In February 1922, Harold Cook wrote to Dr. Henry Osborn to inform him of a tooth that he had in his possession for some time. The tooth had been found years prior in the Upper Snake Creek beds of Nebraska along with other fossils typical of North America. Osborn received the specimen in March 1922, and quickly set out to identify it. Osborn, along with Dr. William D. Matthew soon came to the conclusion that the tooth had belonged to an anthropoid ape. They then passed the tooth along to William K. Gregory and Dr. Milo Hellman, who agreed that the tooth belonged to an anthropoid ape more closely related to humans than to other apes. Only a few months later, an article was published in Science announcing the discovery of a manlike ape in North America. An illustration of H. haroldcookii was done by artist Amédée Forestier, who modeled the drawing on the proportions of "Pithecanthropus" (now Homo erectus), the "Java ape-man," for the Illustrated London News. Osborn was not impressed with the illustration, calling it: "a figment of the imagination of no scientific value, and undoubtedly inaccurate".

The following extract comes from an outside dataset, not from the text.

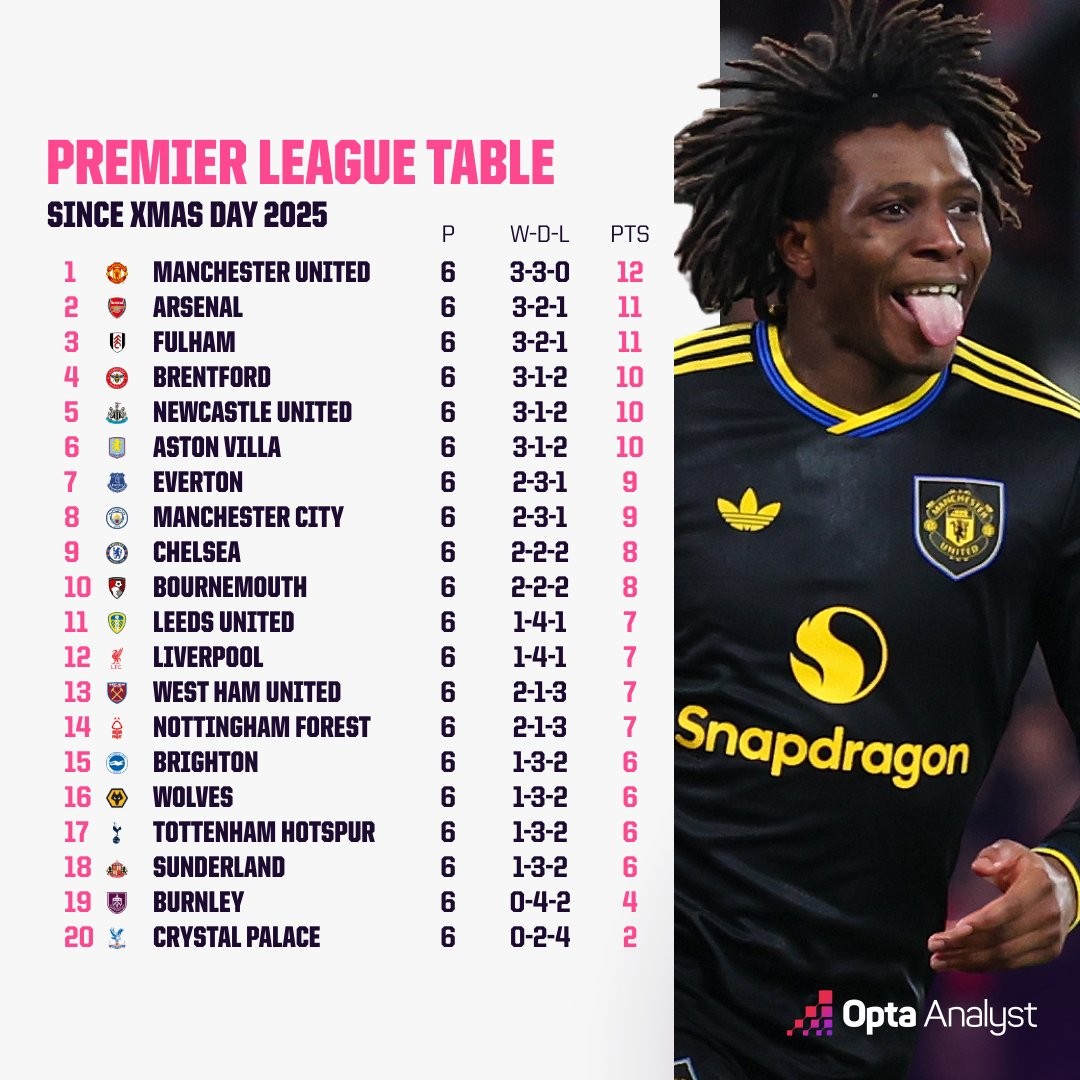 据足球数据网站Opta统计,自圣诞节以来没有任何英超球队的胜率超过50%,曼联拿到12分,是同期拿分最多的球队。

From its initial description, Hesperopithecus was regarded as an inconclusive find by a large portion of the scientific community. Examinations of the specimen continued, and the original describers continued to draw comparisons between Hesperopithecus and apes. Further field work on the site in the summers of 1925 and 1926 uncovered other parts of the skeleton. These discoveries revealed that the tooth was incorrectly identified. According to these discovered pieces, the tooth belonged neither to a man nor an ape, but to a fossil of an extinct species of peccary called Prosthennops. The misidentification was attributed to the fact that the original specimen was severely weathered. The earlier identification as an ape was retracted in the journal Science in 1927.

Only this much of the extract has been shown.